Художник-портретист может представить свою модель обыденным образом или с величием; обыденным образом, если он воспроизводит лишь случайные детали с той же заботой, что и существенные черты, если он пренебрегает великим, чтобы любопытно выполнять мелочи. Он делает это величественно, если умеет найти и выделить то, что наиболее интересно, и отличить случайное от необходимого; если он довольствуется обозначением того, что ничтожно, резервируя всю отделку исполнения для того, что велико. И единственное, что велико, — это выражение самой души, проявляющее себя через действия, жесты или позы.

Поэт трактует свой предмет обыденным образом, когда в исполнении своей темы он останавливается на не имеющих ценности фактах и лишь быстро скользит по тем, что важны. Он трактует свою тему с величием, когда связывает с ней то, что велико. Например, Гомер трактовал щит Ахилла величественно, хотя изготовление щита, глядя только на материал, — дело весьма обыденное.

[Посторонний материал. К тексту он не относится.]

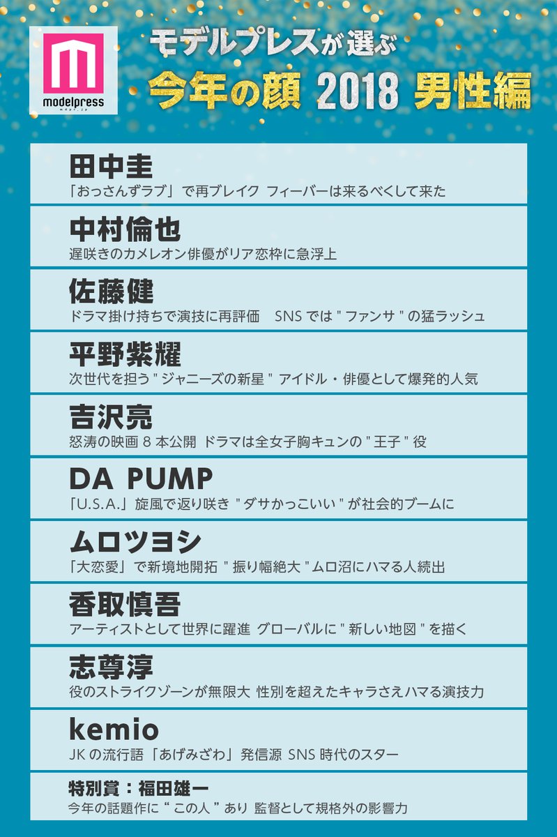 2018.12.21 ツイート maru2018「今年の顔」発表【男性編/モデルプレス独自調査】#田中圭 #中村倫也 #佐藤健 #平野紫耀 #吉沢亮 #香取慎吾 ら10組一覧&選出理由は記事をチェック モデルプレス@modelpress2018「今年の顔」発表【男性編/モデルプレス独自調査】#田中圭 #中村倫也 #佐藤健 #平野紫耀 #吉沢亮 #香取慎吾 ら10組一覧&選出理由は記事をチェック!⇒ https://t.co/FkrJHcJMWv#今年の顔2018 #モデルプレス 10:14 – 2018年12月21日返信リツイートお気に入り ツイートに対するネットの反応中村倫也@senritsutareme身に余る光栄に存じます。10:22 – 2018年12月21日返信リツイートお気に入り【ntv日曜ドラマ】今日から俺は‼️ご視聴ありがとうございました‼️@kyoukaraoreha_nムロツヨシさん中村倫也さんおめでとうございます㊗️そして特別賞に福田雄一さんめでたい✨#今日から俺は‼︎13:39 – 2018年12月21日返信リツイートお気に入りら@raaaaakkkkk香取慎吾…? 特に何もしてなくないか…?14:05 – 2018年12月21日返信リツイートお気に入りミイ@aamu_uninenなるほど納得。 でも私ならここにあの方が入るのだけどー。14:02 – 2018年12月21日返信リツイートお気に入りパンダ家の人々@bamboolove4半青から律とボクテとまーくんの3人も選ばれてるっちゅー\(^o^)/ 何やかんや言って、注目度高かったし絶妙なキャスティングでハマり役ばかりの(いや役者さんがハマってくれた)朝ドラだったな… #今年の顔 #半分青い #佐藤健 #志尊淳 #中村倫也13:57 – 2018年12月21日返信リツイートお気に入りゆっきー@usuke2basuke10ムロさんもいるし 圭くんもいるし慎吾くんもいるし 私得!!❣️笑13:53 – 2018年12月21日返信リツイートお気に入りこねごねこ@conegoneco今年の顔☺️✨嬉しい✨ #DAPUMP #USA #THANX_NeoBestofDAPUMP13:52 – 2018年12月21日返信リツイートお気に入りチョコちっぷ@s_kurumi_panなぜ、ここで慎吾!?13:51 – 2018年12月21日返信リツイートお気に入り みずき@mizuki3jsb___けみお 入ってんじゃんwww13:48 – 2018年12月21日返信リツイートお気に入り

На одну ступень ниже обыденного или вульгарного находится элемент низкого или грубого, который отличается от обыденного тем, что является не только чем-то отрицательным, простым отсутствием вдохновения или благородства, но чем-то положительным, отмечающим грубые чувства, дурные нравы и презренные манеры. Вульгарность свидетельствует лишь о том, что не хватает преимущества, отсутствие которого является предметом сожаления; низость указывает на отсутствие качества, которое мы уполномочены требовать у всех. Так, например, месть, рассматриваемая сама по себе, в каком бы месте или каким бы образом она ни проявлялась, есть нечто вульгарное, потому что она является доказательством отсутствия великодушия. Но существует, более того, низкая месть, когда человек, чтобы удовлетворить ее, использует средства, подвергающиеся презрению. Низкое всегда подразумевает нечто грубое или напоминает о черни, в то время как обыденное можно найти у благородного и хорошо воспитанного человека, который может думать и действовать обыденным образом, если у него лишь посредственные способности. Человек действует обыденным образом, когда он занят только своим собственным интересом, и именно в этом он находится в оппозиции к действительно благородному человеку, который, когда необходимо, умеет забыть себя, чтобы доставить какое-то наслаждение другим. Но тот же человек действовал бы низким образом, если бы он консультировался со своими интересами ценой своей чести и если бы в таком случае он даже не взял на себя труд уважать законы приличия. Таким образом, обыденное — это лишь противоположность благородного; низкое — это противоположность как благородного, так и пристойного. Отдаться, не сопротивляясь, всем своим страстям, удовлетворить все свои импульсы, не будучи сдерживаемым даже правилами приличия, тем более правилами морали, — значит вести себя низко и предавать низость души.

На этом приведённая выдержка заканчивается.